SeanMcOwen commented 2 weeks ago

This notebook shows a current simulation model that runs very slow when moving to multi-processing.

The results are:

No deepcopy and 1 Monte Carlo run: 0.12 seconds No deepcopy and 5 monte carlo runs: 60.22 seconds / 5 = 12.04 seconds Deepcopy and 1 monte carlo: 2.79 seconds Deepcopy and 5 monte carlo runs: 59 seconds /5 = 11.90 Seconds

In a table then:

	Single Proc	Multi Proc
No Deepcopy	.12	12.04
Deepycopy	2.79	11.90

So we can see that on single simulations turning off deep copy speeds up a lot but no matter what in mutli-processing we run massively slower. Given that deepcopy has no effect it looks like it doesn't get triggered with multi-proc BUT it still runs much slower from other things.

Further context from @danlessa is:

"Regarding multiprocessing, those two threads have some context 2023-12 on [client project]: https://blockscienceteam.slack.com/archives/C05LRRUMGQM/p1703034551508919?thread_ts=1703019991.737059&cid=C05LRRUMGQM 2020-12, on using multiprocessing alternatives: https://blockscienceteam.slack.com/archives/CCYHUBHJ7/p1609220349006200"
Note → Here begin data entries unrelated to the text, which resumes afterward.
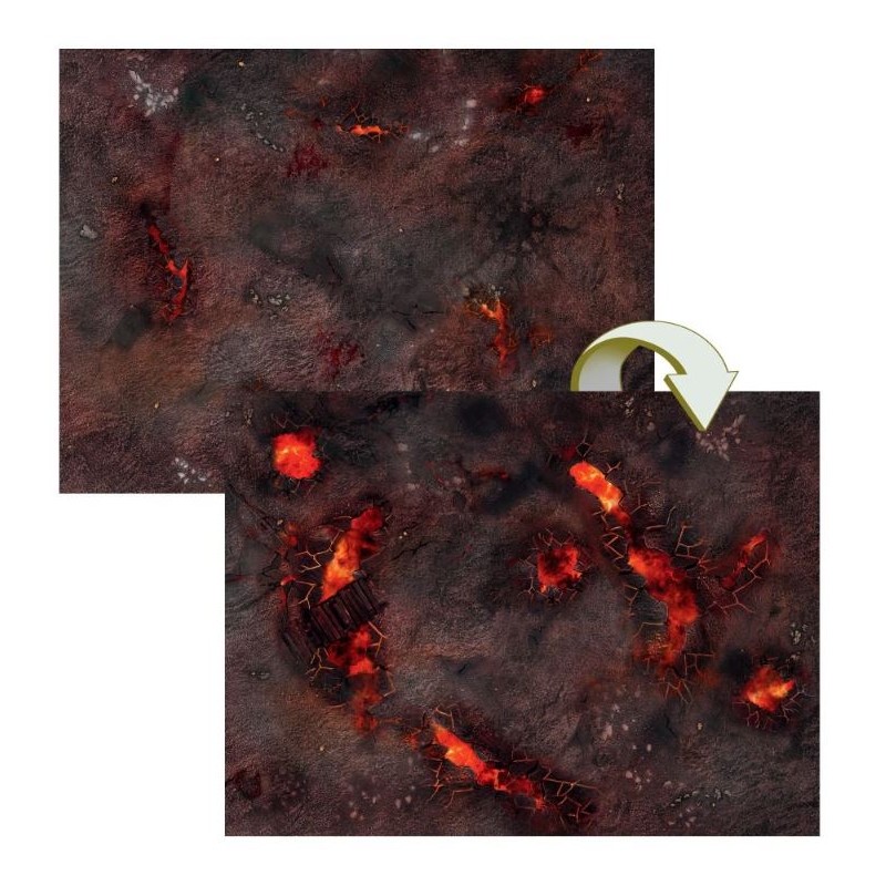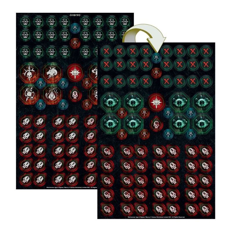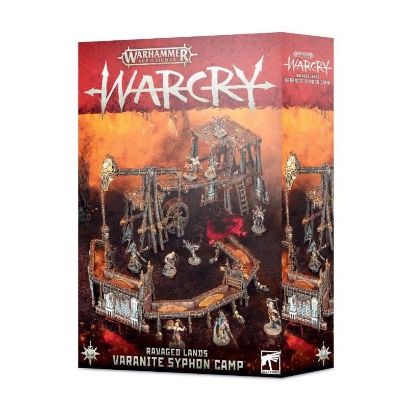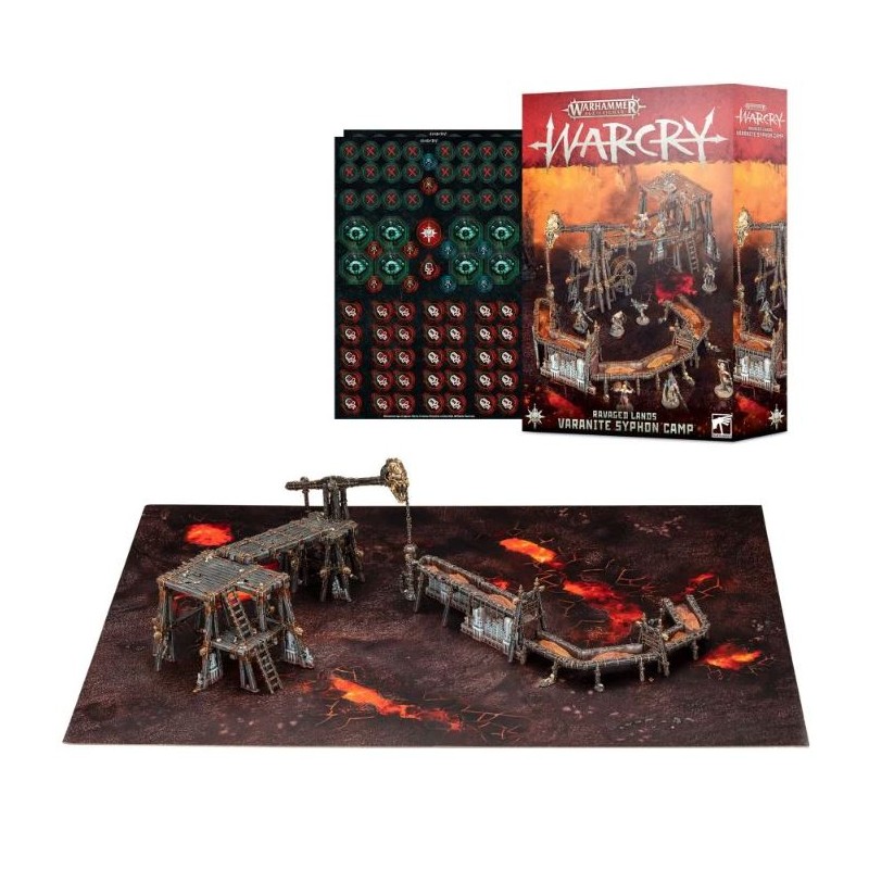 La boîte inclut aussi un champ de bataille de Dépôt de Varanite – un plateau de jeu double face pliant de 22" x 30", la taille parfaite pour des parties de Warcry. Une face représente les fosses en fusion d'une mine de varanite, et l'autre un désert de cendre courant aux Huit-points. Elle contient également deux feuilles de pions double face, pour un total de 79 pions permettant de suivre les activations, les objectifs, les dégâts et d'autres choses lors de vos parties de Warcry.
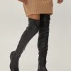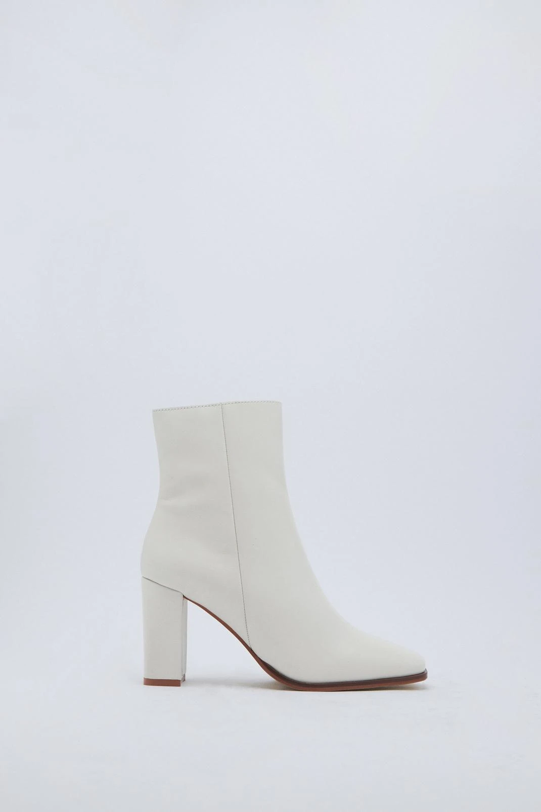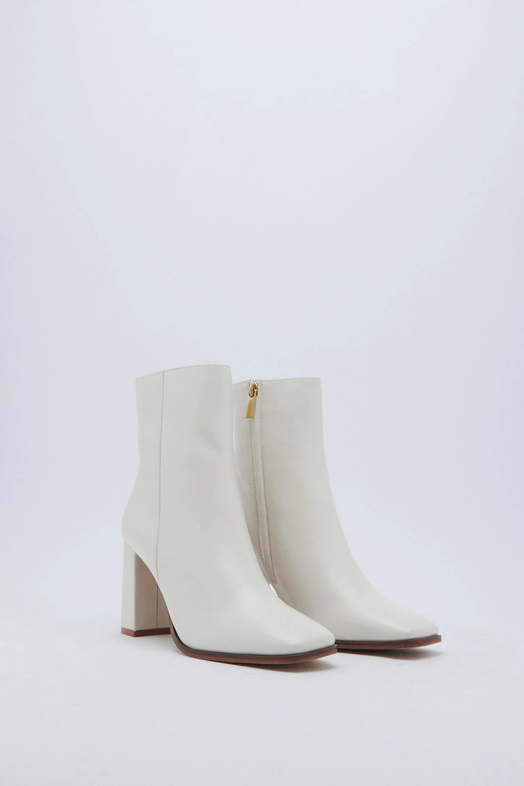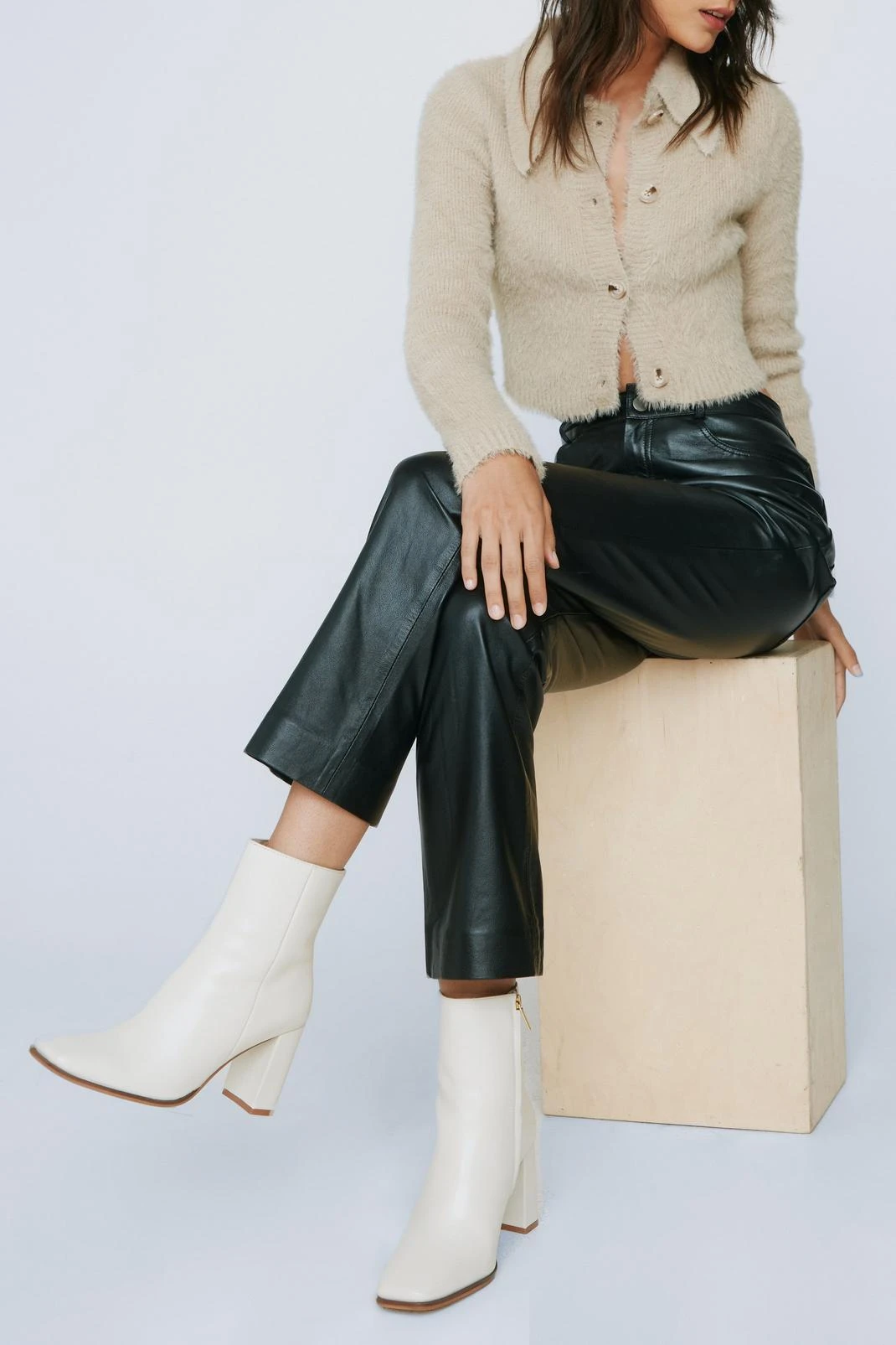 Bet your boots. These boots feature square toes, slim block heels, and side zip closures. Style with leather pants and a fluffy knit cardigan.
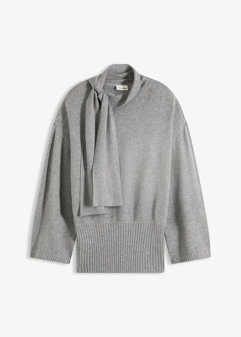 Oversize-Pullover mit breitem Rippbund und Schaldetail am Hals

The important information from the slack thread is: "as for the single thread result: this is related to how multi-processing in Python works. Processes cannot share memory directly, and they rely on IPC, which involves serialization of data. This is an expensive operation when dealing with objects generally. cadCAD uses pathos for parallelizing runs, which in turn depends on dill as a serializer. dill is particularly slow when compared to pickle as a serializer, however it can handle pretty much any kind of object, while pickle cannot. This is a problem without an easy and universal way out. Most performance improvements requires constraining use cases in some direction. If you're looking up for 10-100x speed-ups, then investing in an non-deepcopy compatible solution can definitely pay out, as it opens you the possibility of doing some clever hacks (like history erasure, which facilitates the serialization a lot)"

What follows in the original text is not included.